● **Problem statement**: The reply should hold only the lines from the one with "Proximate compositions of" to the one with "City and County", both ends kept, exactly as they appear below, without any pictures.

● **Source information**:
--------------------

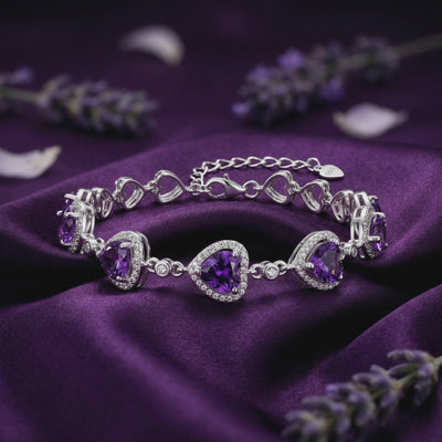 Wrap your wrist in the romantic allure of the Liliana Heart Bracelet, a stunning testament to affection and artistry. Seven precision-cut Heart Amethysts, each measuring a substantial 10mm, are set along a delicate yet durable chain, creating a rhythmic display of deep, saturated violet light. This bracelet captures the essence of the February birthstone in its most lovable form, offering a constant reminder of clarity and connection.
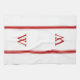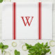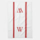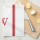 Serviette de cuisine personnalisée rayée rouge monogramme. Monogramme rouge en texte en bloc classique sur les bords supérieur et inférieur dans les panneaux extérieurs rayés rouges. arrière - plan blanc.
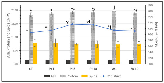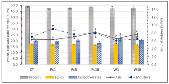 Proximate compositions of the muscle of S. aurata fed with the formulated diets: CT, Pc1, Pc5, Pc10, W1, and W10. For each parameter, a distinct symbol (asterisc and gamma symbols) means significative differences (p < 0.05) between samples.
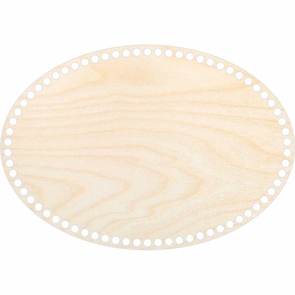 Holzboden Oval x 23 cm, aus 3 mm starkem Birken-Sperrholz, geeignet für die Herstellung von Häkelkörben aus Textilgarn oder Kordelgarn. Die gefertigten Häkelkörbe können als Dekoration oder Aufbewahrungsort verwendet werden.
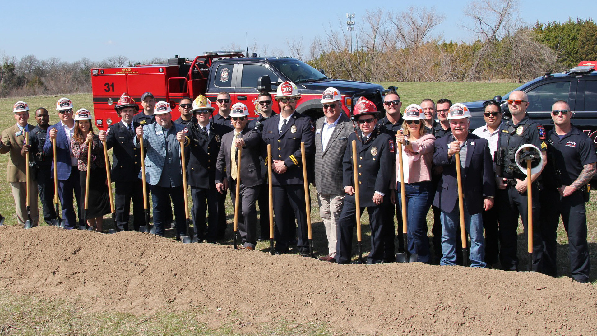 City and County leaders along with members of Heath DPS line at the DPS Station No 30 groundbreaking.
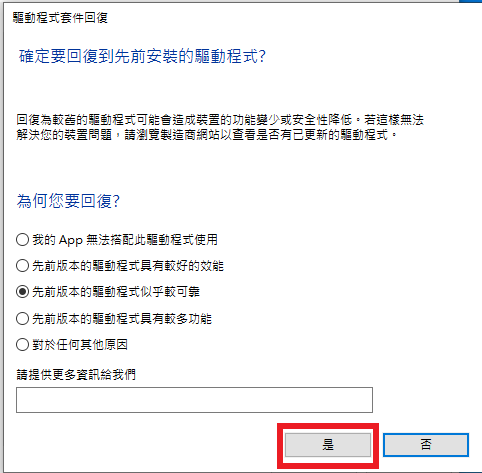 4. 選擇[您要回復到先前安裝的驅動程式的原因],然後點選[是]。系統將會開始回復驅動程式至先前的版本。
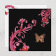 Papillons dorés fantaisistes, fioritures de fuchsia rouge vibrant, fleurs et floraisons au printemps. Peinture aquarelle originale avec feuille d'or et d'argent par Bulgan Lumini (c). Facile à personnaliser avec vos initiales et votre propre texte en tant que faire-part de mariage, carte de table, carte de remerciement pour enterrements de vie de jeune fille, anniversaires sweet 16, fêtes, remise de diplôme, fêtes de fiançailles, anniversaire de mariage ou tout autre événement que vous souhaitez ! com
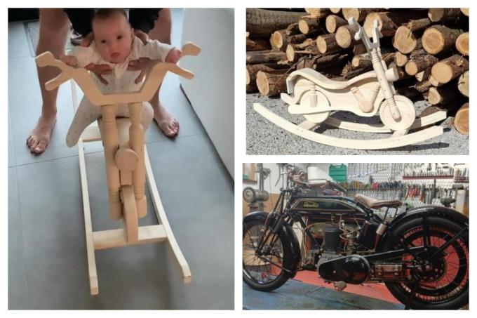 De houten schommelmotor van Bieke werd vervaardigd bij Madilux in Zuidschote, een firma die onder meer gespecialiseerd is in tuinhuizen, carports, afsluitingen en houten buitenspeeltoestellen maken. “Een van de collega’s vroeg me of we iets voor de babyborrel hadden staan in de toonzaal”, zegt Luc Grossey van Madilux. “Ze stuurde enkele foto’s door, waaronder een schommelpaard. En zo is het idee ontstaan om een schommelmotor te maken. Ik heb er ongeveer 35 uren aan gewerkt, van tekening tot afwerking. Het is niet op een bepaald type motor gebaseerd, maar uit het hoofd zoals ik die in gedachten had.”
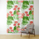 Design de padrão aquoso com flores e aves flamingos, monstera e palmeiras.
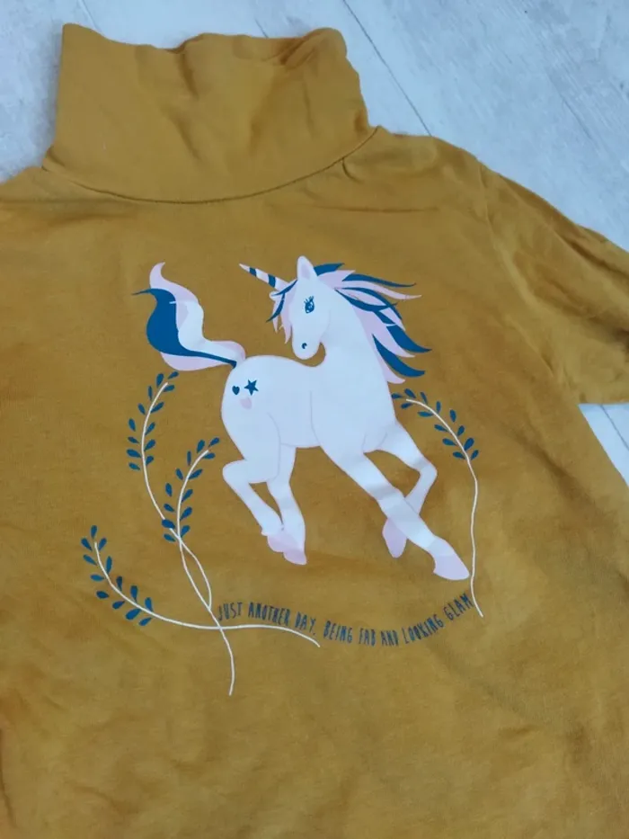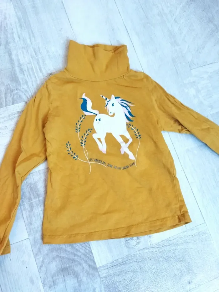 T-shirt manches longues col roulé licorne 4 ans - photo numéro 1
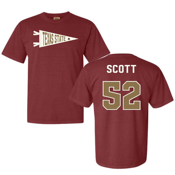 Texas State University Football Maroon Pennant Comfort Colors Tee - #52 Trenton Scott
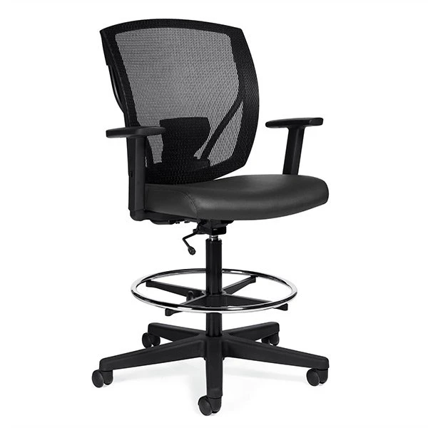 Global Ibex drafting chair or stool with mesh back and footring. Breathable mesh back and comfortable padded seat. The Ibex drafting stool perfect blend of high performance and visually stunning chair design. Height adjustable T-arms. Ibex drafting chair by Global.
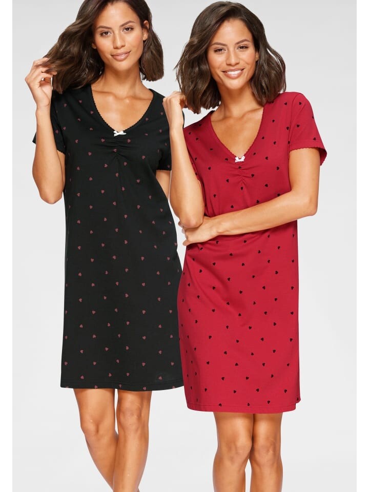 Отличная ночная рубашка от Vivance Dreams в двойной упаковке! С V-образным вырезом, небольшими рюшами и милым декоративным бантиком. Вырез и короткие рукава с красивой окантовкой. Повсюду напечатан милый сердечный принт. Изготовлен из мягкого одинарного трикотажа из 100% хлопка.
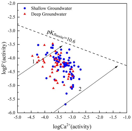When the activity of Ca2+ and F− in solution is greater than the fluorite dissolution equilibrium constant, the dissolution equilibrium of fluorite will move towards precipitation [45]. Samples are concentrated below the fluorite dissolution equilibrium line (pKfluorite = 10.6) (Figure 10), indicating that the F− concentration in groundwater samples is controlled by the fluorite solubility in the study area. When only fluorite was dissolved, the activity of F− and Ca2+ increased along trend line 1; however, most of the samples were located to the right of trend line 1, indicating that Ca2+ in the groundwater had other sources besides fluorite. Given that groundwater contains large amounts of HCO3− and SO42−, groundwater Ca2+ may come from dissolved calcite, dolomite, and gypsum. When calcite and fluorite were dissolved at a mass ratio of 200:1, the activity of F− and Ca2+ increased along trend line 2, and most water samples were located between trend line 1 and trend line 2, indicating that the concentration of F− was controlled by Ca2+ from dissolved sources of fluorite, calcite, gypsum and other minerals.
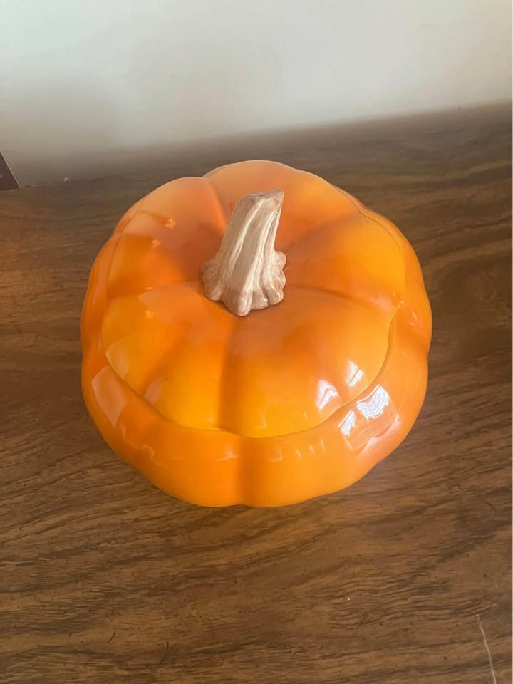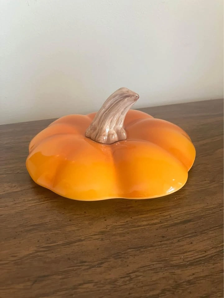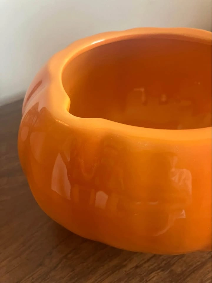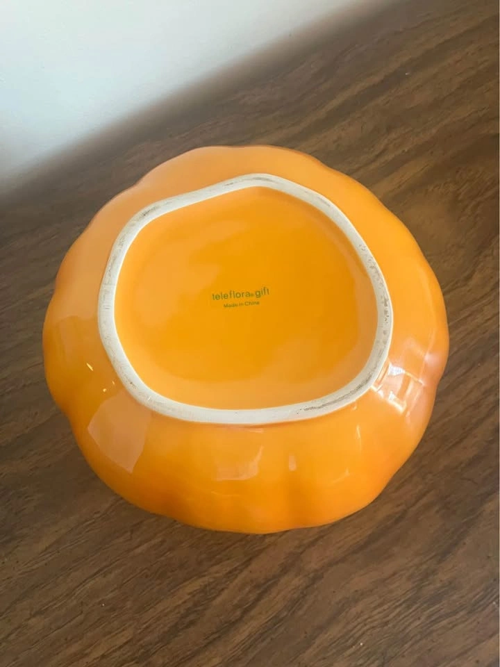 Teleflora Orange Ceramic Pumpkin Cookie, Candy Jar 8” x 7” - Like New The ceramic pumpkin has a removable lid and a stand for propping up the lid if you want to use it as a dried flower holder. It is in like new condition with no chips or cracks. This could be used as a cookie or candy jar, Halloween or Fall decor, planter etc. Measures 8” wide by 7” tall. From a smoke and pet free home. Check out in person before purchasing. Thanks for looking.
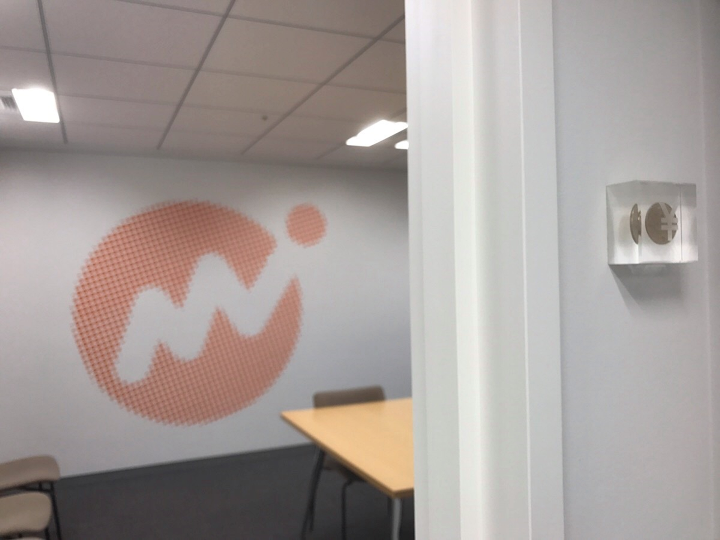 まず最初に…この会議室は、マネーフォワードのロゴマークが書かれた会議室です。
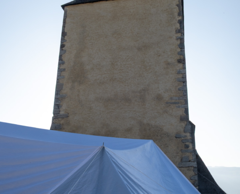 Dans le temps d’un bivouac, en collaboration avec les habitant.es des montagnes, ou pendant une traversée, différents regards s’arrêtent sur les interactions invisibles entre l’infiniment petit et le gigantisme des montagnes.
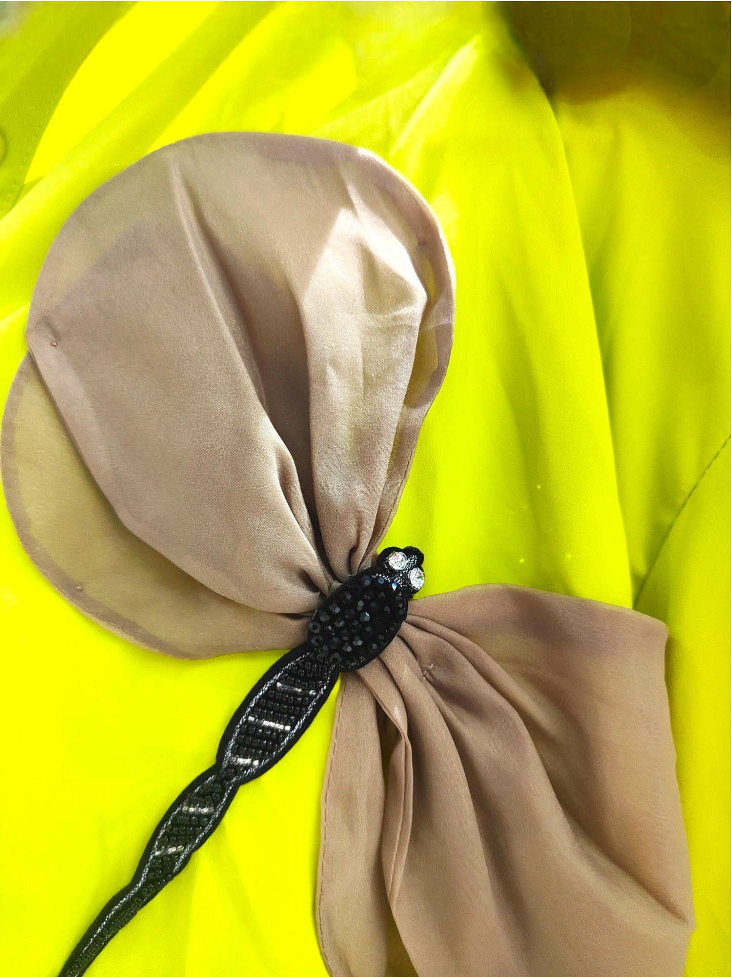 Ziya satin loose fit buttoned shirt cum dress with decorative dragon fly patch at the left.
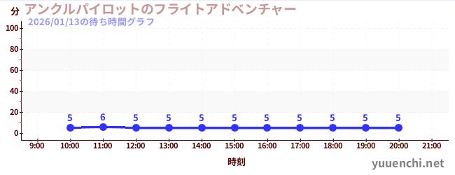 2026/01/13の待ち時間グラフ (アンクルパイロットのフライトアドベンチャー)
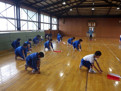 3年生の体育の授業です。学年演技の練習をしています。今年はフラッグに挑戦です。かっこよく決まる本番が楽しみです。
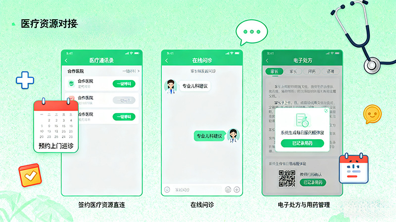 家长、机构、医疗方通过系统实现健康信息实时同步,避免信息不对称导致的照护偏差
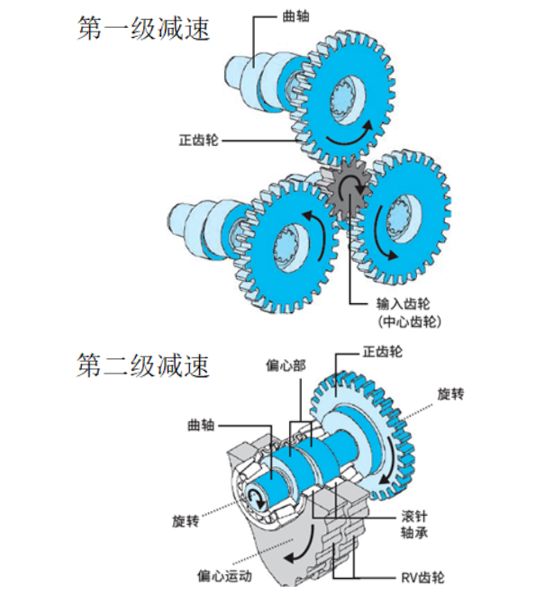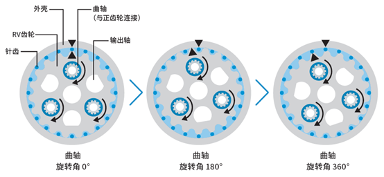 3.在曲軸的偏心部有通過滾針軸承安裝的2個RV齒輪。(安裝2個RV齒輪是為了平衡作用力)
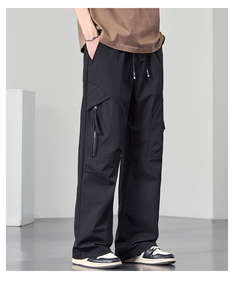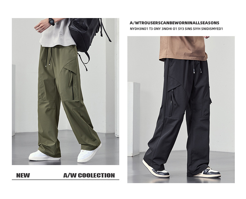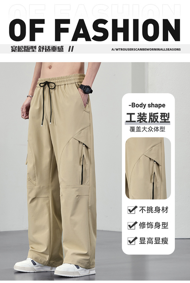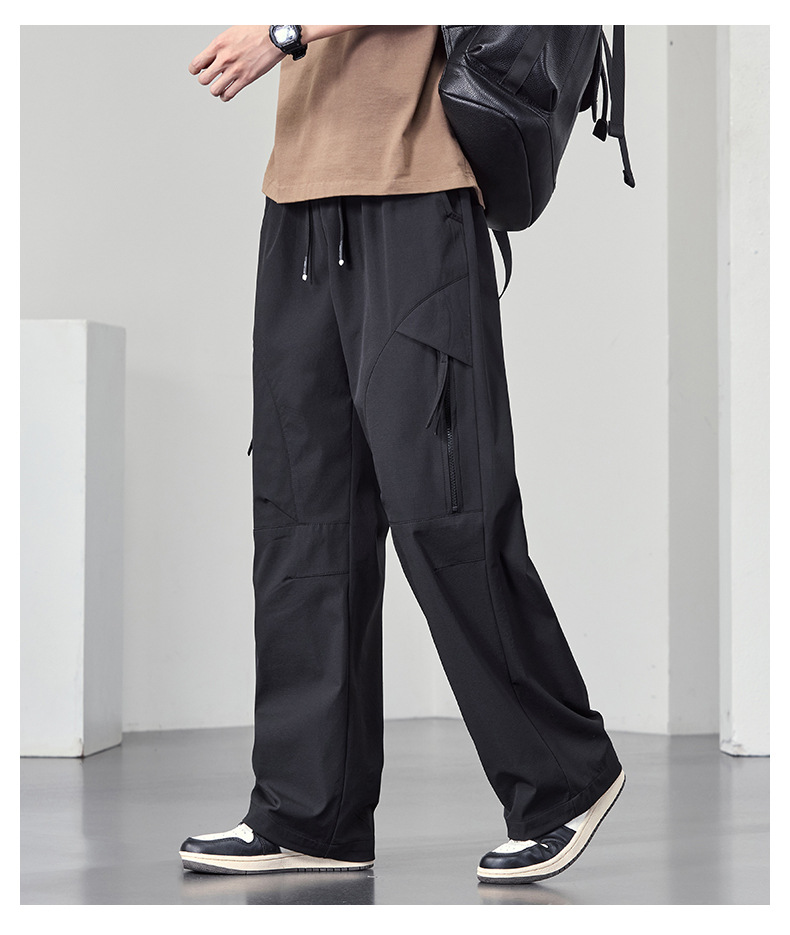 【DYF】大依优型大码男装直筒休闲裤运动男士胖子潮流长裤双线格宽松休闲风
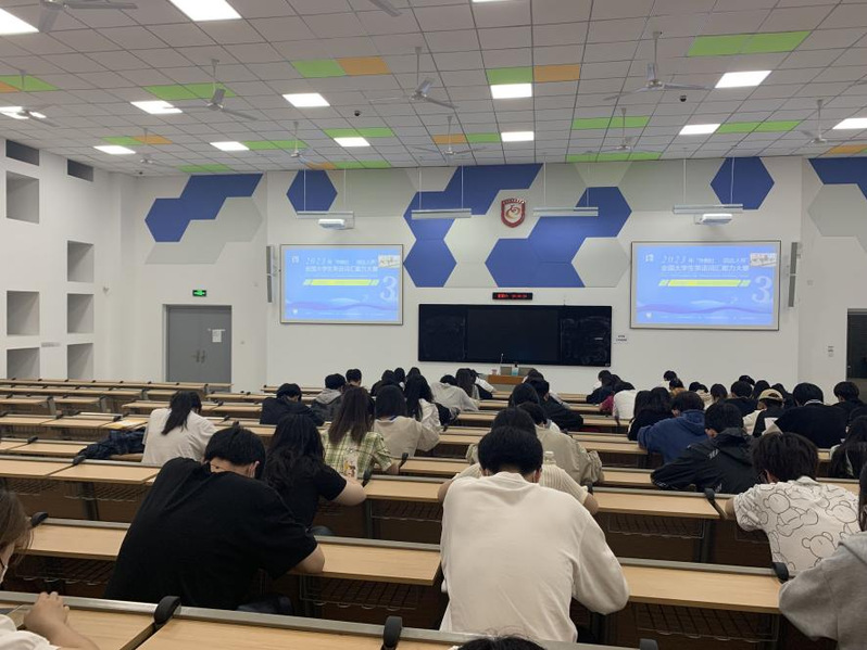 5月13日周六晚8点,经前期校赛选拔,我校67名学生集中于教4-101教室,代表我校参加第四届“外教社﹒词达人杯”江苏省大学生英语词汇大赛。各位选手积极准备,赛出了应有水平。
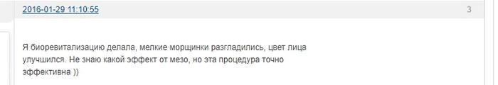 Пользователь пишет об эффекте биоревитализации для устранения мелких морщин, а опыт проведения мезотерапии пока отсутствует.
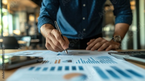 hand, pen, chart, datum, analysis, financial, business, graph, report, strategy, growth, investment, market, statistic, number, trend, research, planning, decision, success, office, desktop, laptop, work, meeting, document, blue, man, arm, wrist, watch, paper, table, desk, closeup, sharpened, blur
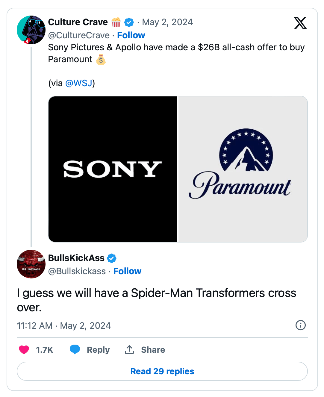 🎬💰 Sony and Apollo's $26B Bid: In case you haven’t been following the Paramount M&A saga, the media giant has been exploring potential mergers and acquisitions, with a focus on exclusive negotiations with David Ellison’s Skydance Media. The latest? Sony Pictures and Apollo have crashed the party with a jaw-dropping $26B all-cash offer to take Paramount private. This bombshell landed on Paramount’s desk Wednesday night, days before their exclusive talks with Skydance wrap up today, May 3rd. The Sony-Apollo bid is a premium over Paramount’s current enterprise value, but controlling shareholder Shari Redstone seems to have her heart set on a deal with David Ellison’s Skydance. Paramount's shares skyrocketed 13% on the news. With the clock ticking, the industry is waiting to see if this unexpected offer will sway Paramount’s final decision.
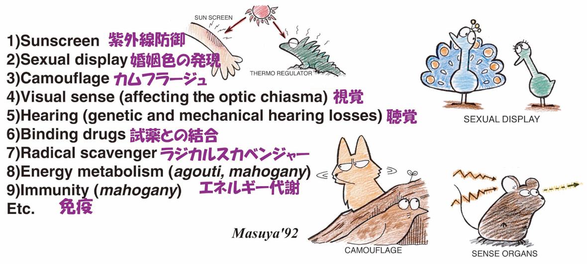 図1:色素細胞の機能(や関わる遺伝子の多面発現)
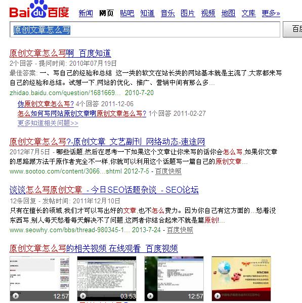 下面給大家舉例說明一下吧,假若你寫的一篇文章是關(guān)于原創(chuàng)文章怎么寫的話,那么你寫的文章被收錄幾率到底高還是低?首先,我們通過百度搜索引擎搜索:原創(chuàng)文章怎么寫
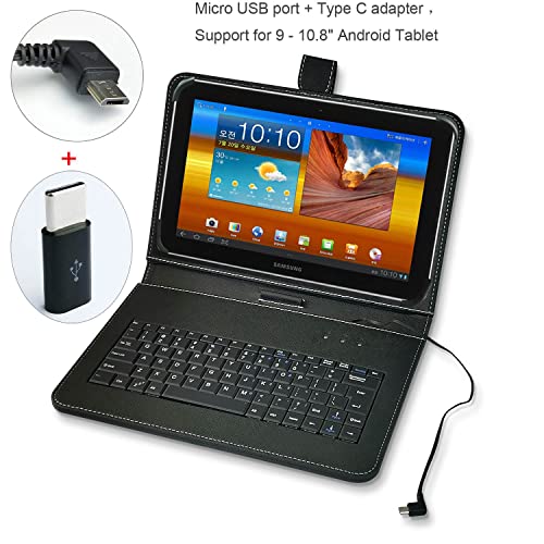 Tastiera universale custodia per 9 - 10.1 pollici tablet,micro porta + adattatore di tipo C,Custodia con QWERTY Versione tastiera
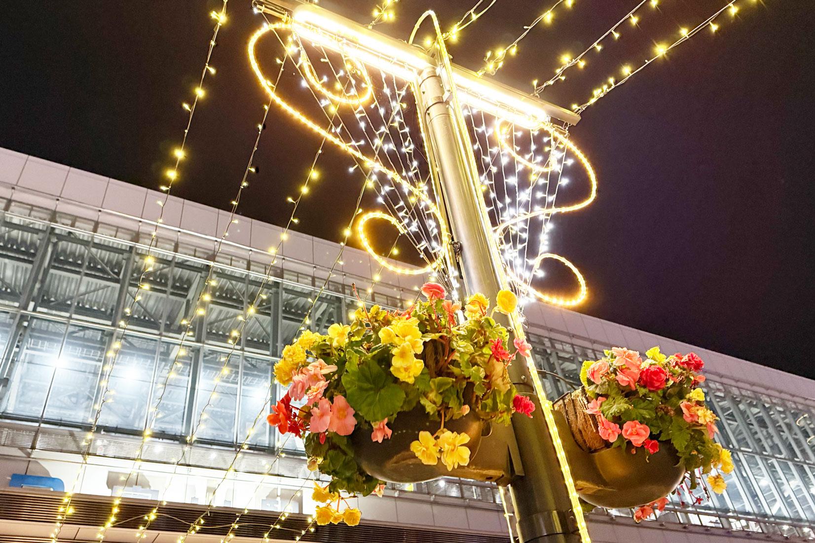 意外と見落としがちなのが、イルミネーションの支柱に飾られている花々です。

--------------------

● **Result**:
 Proximate compositions of the muscle of S. aurata fed with the formulated diets: CT, Pc1, Pc5, Pc10, W1, and W10. For each parameter, a distinct symbol (asterisc and gamma symbols) means significative differences (p < 0.05) between samples.
 Holzboden Oval x 23 cm, aus 3 mm starkem Birken-Sperrholz, geeignet für die Herstellung von Häkelkörben aus Textilgarn oder Kordelgarn. Die gefertigten Häkelkörbe können als Dekoration oder Aufbewahrungsort verwendet werden.
 City and County leaders along with members of Heath DPS line at the DPS Station No 30 groundbreaking.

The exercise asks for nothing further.